Но въ душѣ каждаго человѣка должна находиться святая святыхъ, куда не смѣетъ проникать ничья святотатственная рука. Опредѣленное количество естественныхъ (мы намѣренно подчеркиваемъ это выраженіе) правъ должно быть обезпечено за каждымъ человѣкомъ въ каждомъ обществѣ, которое изъявляетъ притязаніе считаться честнымъ, разумнымъ, цивилизованнымъ. Въ наукѣ о финансахъ есть положеніе, по которому отъ податнаго обложенія должна быть освобождена извѣстная часть средствъ каждаго человѣка, необходимая для поддержанія человѣчески-достойнаго существованія, такъ называемый Existenz-minimum. Вотъ такой же Existenz-minimum въ правѣ требовать отъ современнаго государства каждый гражданинъ и въ нравственно-общественномъ отношеніи К. Д. Кавелинъ разъединяетъ личное стремленіе къ совершенствованію и стремленіе оказать посильное содѣйствіе совершенствованію общественному. „Приведеніе всѣхъ идеаловъ, — говоритъ онъ, — субъективныхъ и объективныхъ, къ единству въ одной общей и строгой системѣ будетъ вѣнцомъ, послѣднимъ словомъ знанія, и возможное ихъ проведеніе и осуществленіе въ дѣйствительности, въ жизни — верхомъ человѣческой мудрости“. Но, продолжаетъ г. Кавелинъ, такъ далеко задачи этики не идутъ: она должна установить лишь идеалы субъективной дѣятельности. И въ этомъ отношеніи мы не можемъ согласиться съ авторомъ Задачъ этики, который съумѣлъ придать своей аргументаціи блескъ, глубину и силу. Моралистъ скажетъ мнѣ: будь трудолюбивѣе, искреннѣ люби другихъ людей, совершенствуй себя во всѣхъ отношеніяхъ. Хорошо, отвѣчу я, — буду стремиться къ осуществленію этихъ предписаній, буду работать надъ собою; но въ данномъ обществѣ существуютъ предписанія, которыя я считаю несправедливыми. Повиноваться ли этимъ предписаніямъ? За неповиновеніе грозитъ тяжелое наказаніе, а исполненіе предписаній общественной власти, будетъ дѣломъ лицемѣрія. Удобно ли развиваться въ такомъ обществѣ нравственнымъ достоинствамъ человѣка? Цѣлесообразно ли разлучать объективные и субъективные идеалы? Мы думаемъ, что отвѣтъ долженъ быть отрицательнымъ и что ученіе нравственности должно руководить какъ моими помыслами и побужденіями, такъ и моимъ образомъ дѣйствій. Намъ кажется, что къ правильной постановкѣ вопроса довольно близко подошелъ тотъ французскій мыслитель, сочиненіе котораго поставлено въ заголовкѣ нашей статьи рядомъ съ книгою К. Д. Кавелина. Передадимъ вкратцѣ теорію Гюйо.
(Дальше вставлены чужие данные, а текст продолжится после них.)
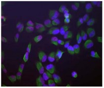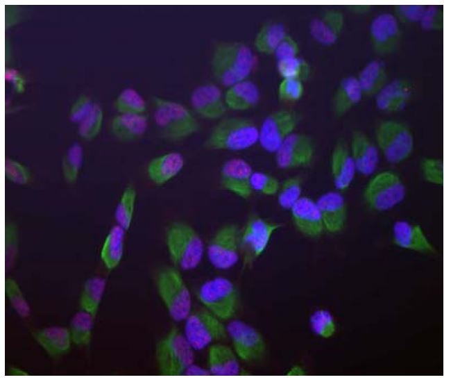 Immunofluorescence: HeLa cells stained with ARG52421 anti-SAP49 antibody [3A1] showing strong granular nuclear staining of SAP49 in red and vimentin (ARG52468 anti-vimentin antibody) in green.
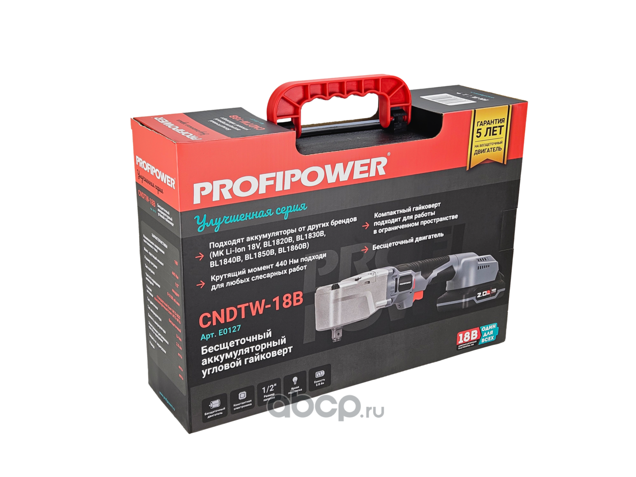 | PROFIPOWER | E0127 | Аккумуляторный бесщеточный угловой гайковерт CNDTW-18B (18В,Li-ion-2шт, 2.0Ач, 440Нм,адаптер для бит,З/У, в коробке) | ||

Гюйо замѣчаетъ, прежде всего, что область доказуемаго уже области нашей нравственной дѣятельности (On peut très bien concevoir que sphère de la démonstration intellectuelle u'ègale pas en étendue la sphère l’action morale, et qu’il у ait des cas où une réglerationnelle puisse va à manquer). Въ извѣстныхъ случаяхъ нами руководятъ привычки и инстинктъ, безъ которыхъ мы и въ будущемъ обойтись не въ состояніи. Въ этомъ нѣтъ, разумѣется, ничего устрашающаго, стоитъ лишь вспомнить, что ни въ привычкахъ, ни въ инстинктахъ нашихъ нѣтъ ничего мистическаго.

Конечно, теорія нравственности должна начать съ личности и здѣсь найти себѣ твердую точку опоры. Приглядываясь къ явленіямъ жизни, мы замѣчаемъ, что силы направляются ш сторону наименьшаго сопротивленія. Всякое тѣло и всякій организмъ повинуются этому закону. Все живущее, двигаясь многообразно въ такихъ направленіяхъ, стремится развить свою жизнь. Отсюда и теорія нравственности, которая основывается единственно на положительныхъ данныхъ, имѣетъ задачею опредѣленіе средствъ сохранить и увеличить матеріальную и умственную жизнь (Une moral fondée uniquemeqt sur les faits positifs peut donc же définir: la science qui а pour objet tous les moyens de conserver et la vie matérielle ou intellectuelle). Поэтому законы нравственности тождественны съ законами самой жизни. Если возразятъ, что сохраненіе жизни входитъ скорѣе въ область гигіены, то на это должно замѣтить слѣдующее: воздержность основательно считается нравственнымъ достоинствомъ, а пьянство и другія излишества справедливо признаются пороками. Совпаденіе требованій гигіены и нравственности лишь увеличиваютъ ихъ силу и важность.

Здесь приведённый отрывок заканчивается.